ECLI:NL:GHARL:2013:CA0091
Gerechtshof Arnhem-Leeuwarden
- Hoger beroep
- Rechtspraak.nl
Tussentijdse opzegging van plaatsingsovereenkomst door uitzendkrachten en de vraag of zij rechtstreeks bij de inlener in dienst zijn getreden
In deze zaak, behandeld door het Gerechtshof Arnhem-Leeuwarden op 14 mei 2013, staat de tussentijdse opzegging van een plaatsingsovereenkomst door uitzendkrachten centraal. De vraag die aan de orde is, is of deze uitzendkrachten na de opzegging rechtstreeks in dienst zijn getreden bij de inlener. Het uitzendbureau, Unique Nederland B.V., vordert de afkoopsom die verschuldigd zou zijn indien de uitzendkrachten daadwerkelijk in dienst zijn getreden. Tijdens de procedure is er bewijs geleverd door de uitzendkrachten, maar het hof oordeelt dat er onvoldoende bewijs is dat de uitzendkrachten na hun uitzendperiode daadwerkelijk voor de inlener hebben gewerkt.
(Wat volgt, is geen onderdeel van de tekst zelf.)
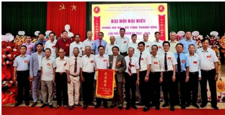
Ban Chấp hành dòng họ Vũ - Võ tỉnh Thanh Hóa nhiệm kỳ 2023 - 2028

Đại hội đã thành công trong niềm vui, niềm hân hoan phấn khởi, niềm hy vọng về sự hoạt động tích cực có trách nhiệm của các thành viên BCH dòng họ Vũ - Võ tỉnh Thanh Hóa nhiệm kỳ 2023-2028.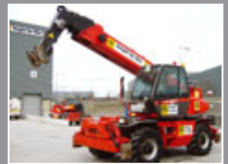
Manitou MRT 2150 Telestapler 21m/5 Tonnen - 2005/6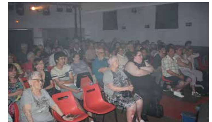
Un public toujours aussi nombreux...

Les 21 et 22 avril salle Jordan Dellacherie, l'association «Talents en scène» a présenté sa nouvelle création : «les Talents retournent la télé».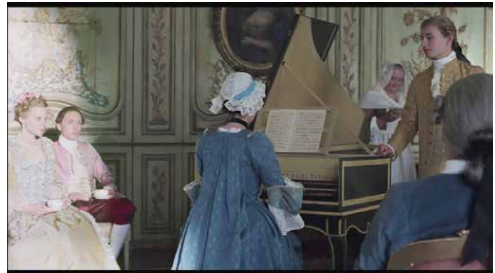
Photogramme 3 (00:05:26)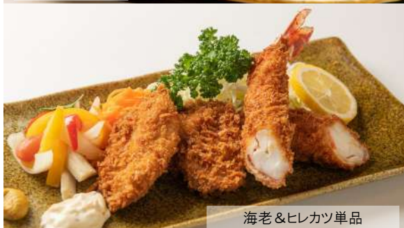
海老&ヒレカツ単品

Het hof heeft de verklaringen van getuigen gehoord, waaronder die van [getuige 1], die eerder een schriftelijke verklaring had afgelegd. De getuige verklaarde dat hij had gehoord dat de uitzendkrachten mogelijk aan het werk waren, maar dit was niet voldoende om te concluderen dat zij daadwerkelijk in dienst waren getreden. Het hof concludeert dat Unique er niet in is geslaagd het bewijs te leveren dat de uitzendkrachten na hun uitzendperiode voor de inlener hebben gewerkt.
Uiteindelijk bekrachtigt het hof het vonnis van de rechtbank, waarbij Unique wordt veroordeeld in de kosten van het geding in hoger beroep. De kosten worden begroot op € 640,-- aan verschotten en € 2.682,-- aan salaris voor de advocaat. Deze uitspraak benadrukt het belang van bewijsvoering in arbeidsrechtelijke geschillen, vooral in gevallen van tussentijdse opzegging van plaatsingsovereenkomsten.